(Stored data entries)
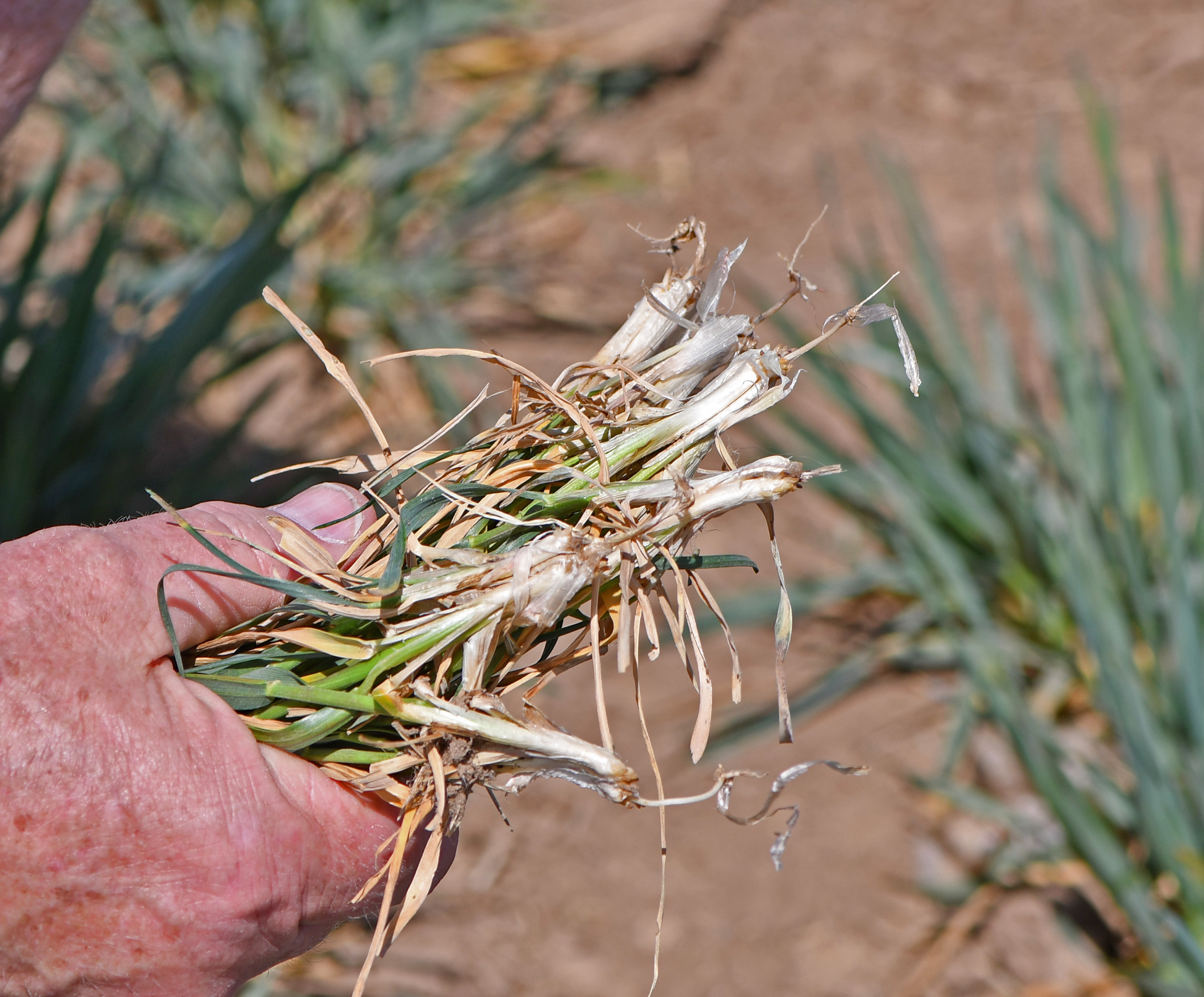“Many plants are not rooted at the crown. There may be some variety differences, but it seems to be uniform across the dryland nursery and several nearby dryland wheat fields. My first thought was an insect or a pathogen, but I really think that it is just dry.
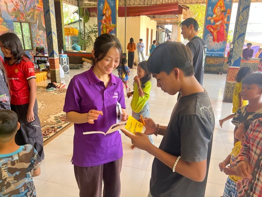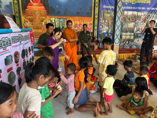 このたび、福島県会津若松市のフリースクール「寺子屋方丈舎」での『世界とつながる講演会』(2025年9月)を起点に、生徒が探究活動として制作した教材が、2025年12月29日にカンボジア王国シェムリアップ州Chi Kraeng(チークレン)の避難民収容寺院及びシェムリアップ州各地の難民キャンプ並びに戦地となったアンロンベンで実施した緊急支援(教育・食料支援)において実際に活用されました。
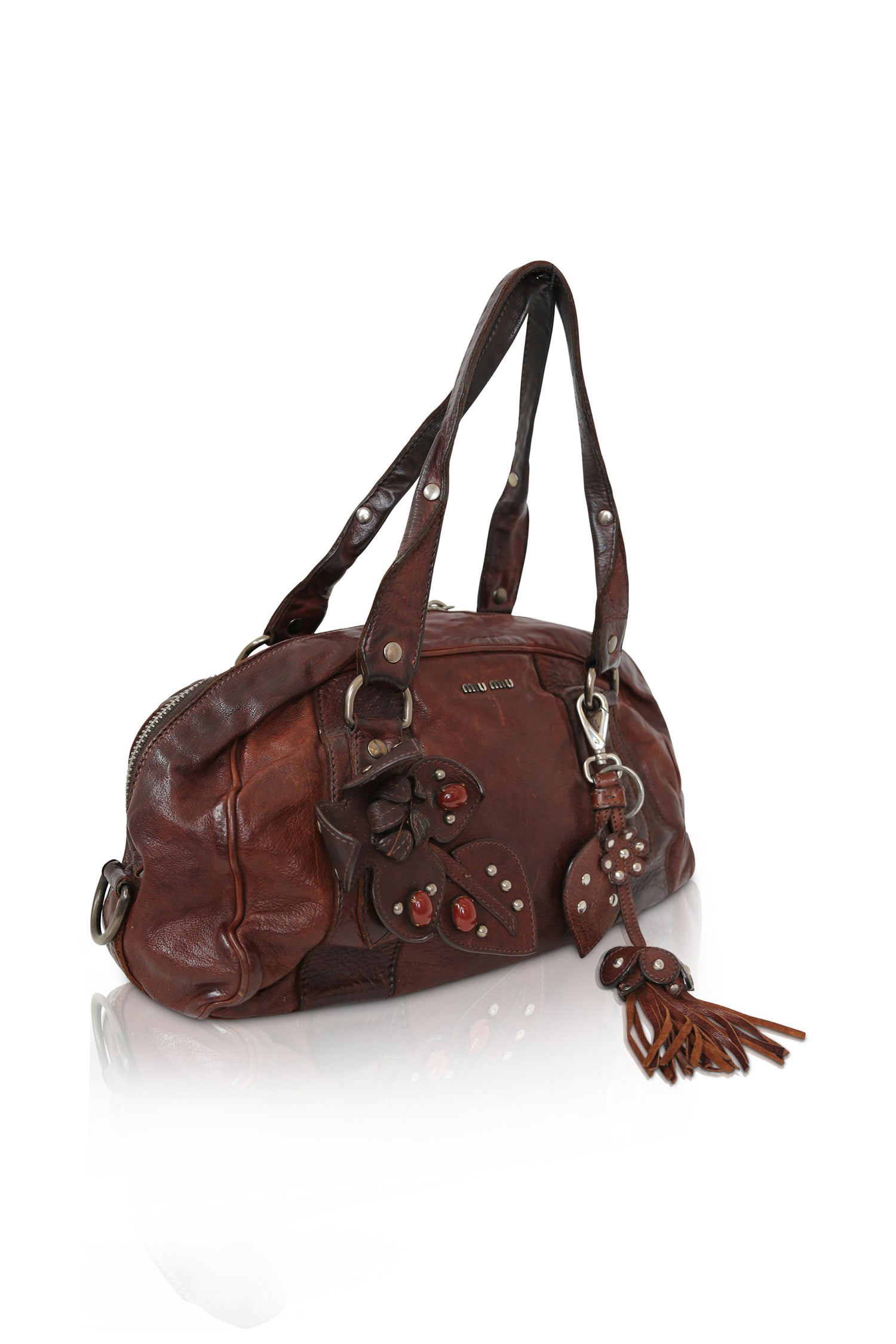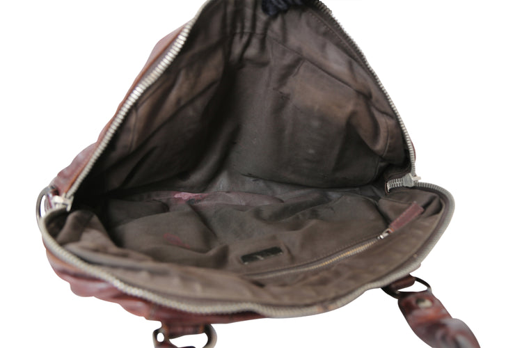 Expertly crafted by Miu Miu, this pre-loved brown and bordeaux leather Boston bag is a timeless addition to any wardrobe. With a professional and sophisticated design, this bag is perfect for any occasion.
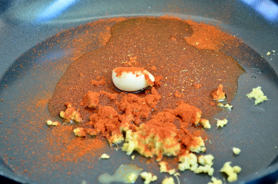 Lavate il cavolo cinese, tagliatelo a metà per il lungo e poi a pezzetti da 2cm circa eliminando il torso. In una padella mettete un abbondante filo d'olio, lo spicchio d'aglio intero o tritato, lo zenzero pelato e poi grattugiato, la paprika e se volete anche il peperoncino. Fate soffriggere a temperatura media finché non sentirete il profumo delle spezie, quindi aggiungete il cavolo cinese. Mescolate bene, fate rosolare un attimo poi aggiungete il concentrato di pomodoro, un cucchiaino di sale e mezzo bicchiere d'acqua.
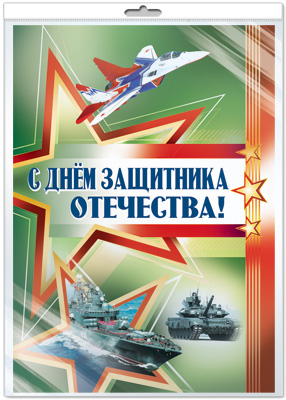 *ПЛ-13206 Плакат А2. С Днем защитника Отечества! (В индивидуальной упаковке с европодвесом и клеевым клапаном)
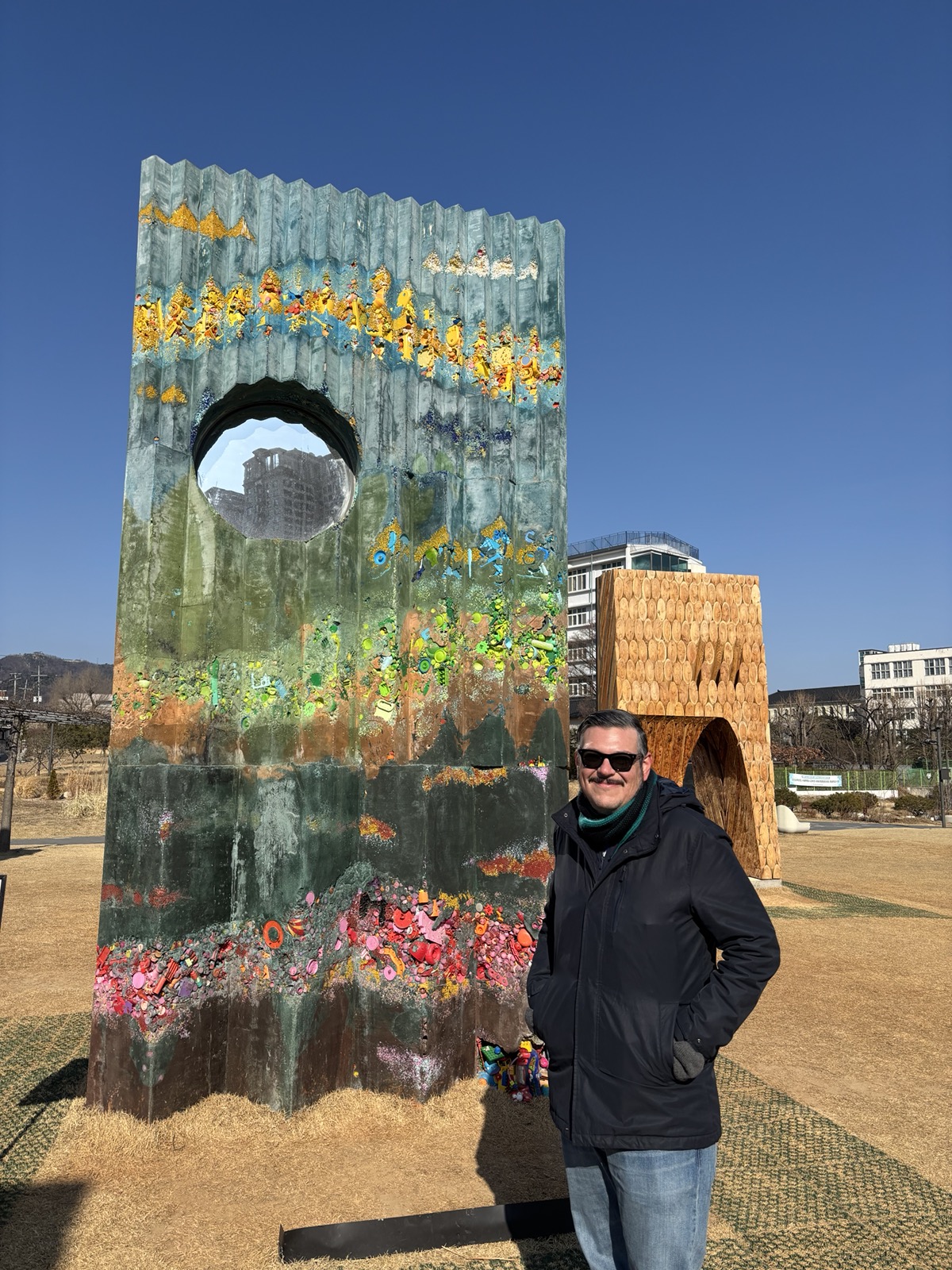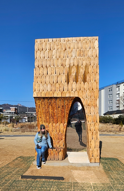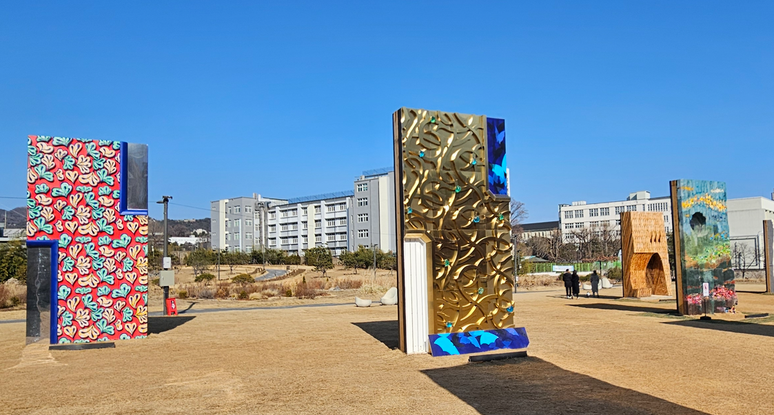We were far from our hotel, but the sun was still shining, and we didn’t feel like dealing with public transport yet, so we started walking back. On the way, we happened upon an art installation in a large park (the Songhyeon Green Plaza), called “Walls of Public Life” made up of 24 walls (16-feet tall by 8-feet wide), designed by different artists.
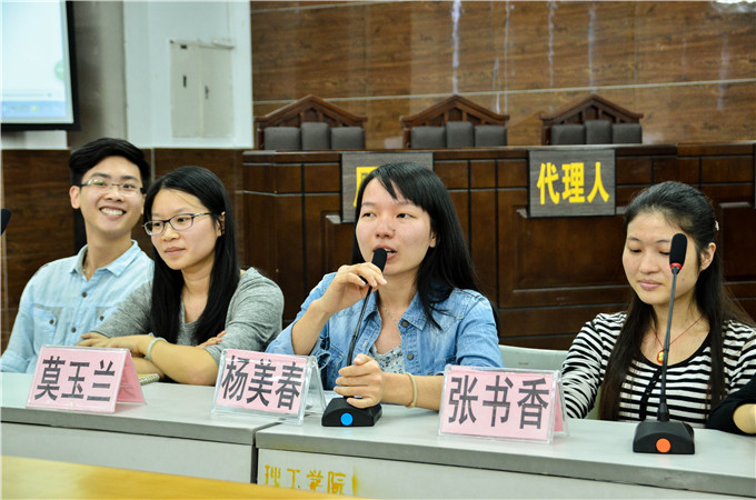 于模拟法庭举行了2014年司法考试交流会。
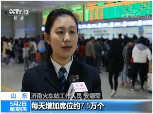 濟(jì)南火車站工作人員 安娜瑩:我們增開列車216趟,320趟動車組列車由八節(jié)車廂改為十六節(jié)車廂重聯(lián)運(yùn)行,每天增加席位約7.5萬個。
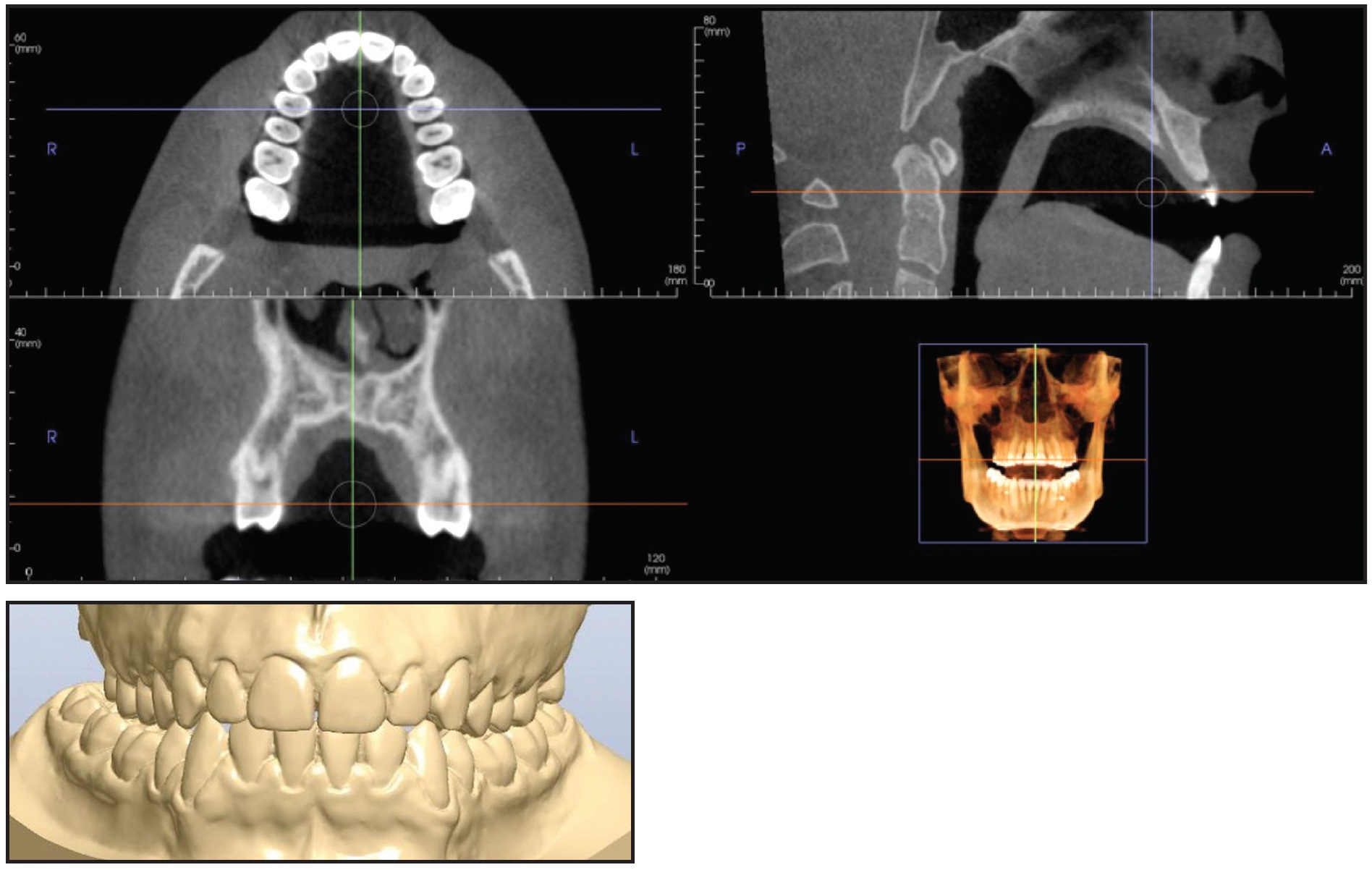 Fig. 11 Case 2. Transverse maxillary deficiency and bilateral crossbite apparent in cone-beam computed tomography and in diagnostic simulation of maxillary advancement surgery.
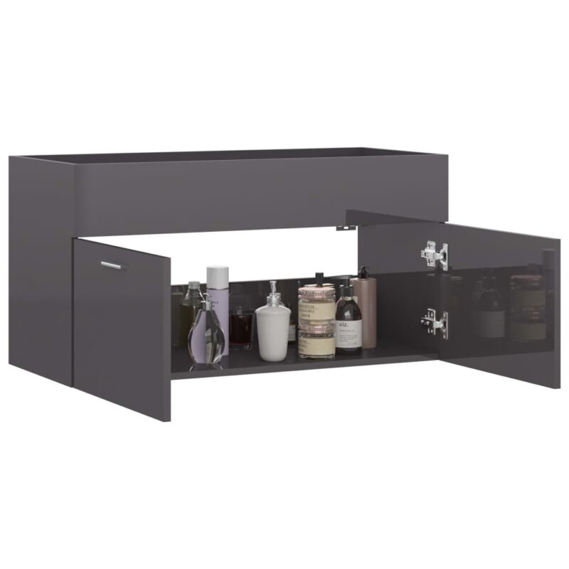 Offrez-vous une touche d’élégance et de fonctionnalité avec l’Armoire d’évier Gris brillant 90×38,5×46 cm Aggloméré. Conçue pour apporter un rangement optimal à votre espace aquatique, cette pièce saura embellir votre salle de bain avec son fini brillant et apporter de l’ordre grâce à ses capacités de rangement généreuses. L’armoire en aggloméré promet résistance et durabilité, vous assurant ainsi un investissement pérenne. Dotée d’un compartiment et de deux portes, elle cache en son cœur un vaste espace pour dissimuler tous vos accessoires de toilette. Son plateau supérieur est spécialement conçu pour accueillir un évier, permettant une intégration harmonieuse et pratique. Un simple coup de chiffon humide suffira pour entretenir sa surface lumineuse.
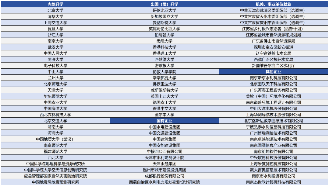 学院面向江河战略的国家需求和水利高质量发展的行业需求,优化教育资源供给,贯通生涯教育,高质量开展就业工作。学院升学就业呈现多元化与广泛化特点。学院本科生、研究生就业率均达97%以上,本科生升学率达50%以上,其中三分之二以上学生前往北京大学、南京大学、复旦大学、武汉大学、中国科学院地理科学与资源研究所、中国科学院空天信息创新研究院等高校和研究所继续深造。毕业生在水利、国土、交通、农业、城建、环保等行业和部门从事相关的科研、教学、设计、生产及管理等工作,同时,毕业生在城市规划、环境保护、灾害监测和资源调查等领域也发挥了重要作用,深受社会欢迎。
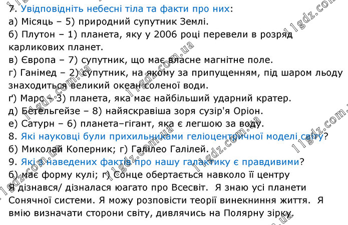7. Увідповідніть небесні тіла та факти про них: а) Місяць – 5) природний супутник Землі. б) Плутон – 1) планета, яку у 2006 році перевели в розряд карликових планет. в) Європа – 7) супутник, що має власне магнітне поле. г) Ганімед – 2) супутник, на якому за припущенням, під шаром льоду знаходиться великий океан соленої води. ґ) Марс – 3) планета, яка має найбільший ударний кратер. д) Бетельгейзе – 8) найяскравіша зоря сузір'я Оріон. е) Сатурн – 6) планета–гігант, яка є легшою за воду. 8. Які науковці були прихильниками геліоцентричної моделі світу? б) Миколай Коперник; г) Галілео Галілей. 9. Які з наведених фактів про нашу галактику є правдивими? б) має форму кулі; г) Сонце обертається навколо її центру Я дізнався/ дізналася юагато про Всесвіт. Я знаю усі планети Сонячної системи. Я можу розповісти теорії винекниння життя. Я вмію визначати сторони світу, дивлячись на Полярну зірку.

▶ **Work required**
Once the pictures are removed, reproduce the remaining entries above exactly.

▶ **Exercise output**
“Many plants are not rooted at the crown. There may be some variety differences, but it seems to be uniform across the dryland nursery and several nearby dryland wheat fields. My first thought was an insect or a pathogen, but I really think that it is just dry.
 このたび、福島県会津若松市のフリースクール「寺子屋方丈舎」での『世界とつながる講演会』(2025年9月)を起点に、生徒が探究活動として制作した教材が、2025年12月29日にカンボジア王国シェムリアップ州Chi Kraeng(チークレン)の避難民収容寺院及びシェムリアップ州各地の難民キャンプ並びに戦地となったアンロンベンで実施した緊急支援(教育・食料支援)において実際に活用されました。
 Expertly crafted by Miu Miu, this pre-loved brown and bordeaux leather Boston bag is a timeless addition to any wardrobe. With a professional and sophisticated design, this bag is perfect for any occasion.
 Lavate il cavolo cinese, tagliatelo a metà per il lungo e poi a pezzetti da 2cm circa eliminando il torso. In una padella mettete un abbondante filo d'olio, lo spicchio d'aglio intero o tritato, lo zenzero pelato e poi grattugiato, la paprika e se volete anche il peperoncino. Fate soffriggere a temperatura media finché non sentirete il profumo delle spezie, quindi aggiungete il cavolo cinese. Mescolate bene, fate rosolare un attimo poi aggiungete il concentrato di pomodoro, un cucchiaino di sale e mezzo bicchiere d'acqua.
 *ПЛ-13206 Плакат А2. С Днем защитника Отечества! (В индивидуальной упаковке с европодвесом и клеевым клапаном)
We were far from our hotel, but the sun was still shining, and we didn’t feel like dealing with public transport yet, so we started walking back. On the way, we happened upon an art installation in a large park (the Songhyeon Green Plaza), called “Walls of Public Life” made up of 24 walls (16-feet tall by 8-feet wide), designed by different artists.
 于模拟法庭举行了2014年司法考试交流会。
 濟(jì)南火車站工作人員 安娜瑩:我們增開列車216趟,320趟動車組列車由八節(jié)車廂改為十六節(jié)車廂重聯(lián)運(yùn)行,每天增加席位約7.5萬個。
 Fig. 11 Case 2. Transverse maxillary deficiency and bilateral crossbite apparent in cone-beam computed tomography and in diagnostic simulation of maxillary advancement surgery.
 Offrez-vous une touche d’élégance et de fonctionnalité avec l’Armoire d’évier Gris brillant 90×38,5×46 cm Aggloméré. Conçue pour apporter un rangement optimal à votre espace aquatique, cette pièce saura embellir votre salle de bain avec son fini brillant et apporter de l’ordre grâce à ses capacités de rangement généreuses. L’armoire en aggloméré promet résistance et durabilité, vous assurant ainsi un investissement pérenne. Dotée d’un compartiment et de deux portes, elle cache en son cœur un vaste espace pour dissimuler tous vos accessoires de toilette. Son plateau supérieur est spécialement conçu pour accueillir un évier, permettant une intégration harmonieuse et pratique. Un simple coup de chiffon humide suffira pour entretenir sa surface lumineuse.
 学院面向江河战略的国家需求和水利高质量发展的行业需求,优化教育资源供给,贯通生涯教育,高质量开展就业工作。学院升学就业呈现多元化与广泛化特点。学院本科生、研究生就业率均达97%以上,本科生升学率达50%以上,其中三分之二以上学生前往北京大学、南京大学、复旦大学、武汉大学、中国科学院地理科学与资源研究所、中国科学院空天信息创新研究院等高校和研究所继续深造。毕业生在水利、国土、交通、农业、城建、环保等行业和部门从事相关的科研、教学、设计、生产及管理等工作,同时,毕业生在城市规划、环境保护、灾害监测和资源调查等领域也发挥了重要作用,深受社会欢迎。
7. Увідповідніть небесні тіла та факти про них: а) Місяць – 5) природний супутник Землі. б) Плутон – 1) планета, яку у 2006 році перевели в розряд карликових планет. в) Європа – 7) супутник, що має власне магнітне поле. г) Ганімед – 2) супутник, на якому за припущенням, під шаром льоду знаходиться великий океан соленої води. ґ) Марс – 3) планета, яка має найбільший ударний кратер. д) Бетельгейзе – 8) найяскравіша зоря сузір'я Оріон. е) Сатурн – 6) планета–гігант, яка є легшою за воду. 8. Які науковці були прихильниками геліоцентричної моделі світу? б) Миколай Коперник; г) Галілео Галілей. 9. Які з наведених фактів про нашу галактику є правдивими? б) має форму кулі; г) Сонце обертається навколо її центру Я дізнався/ дізналася юагато про Всесвіт. Я знаю усі планети Сонячної системи. Я можу розповісти теорії винекниння життя. Я вмію визначати сторони світу, дивлячись на Полярну зірку.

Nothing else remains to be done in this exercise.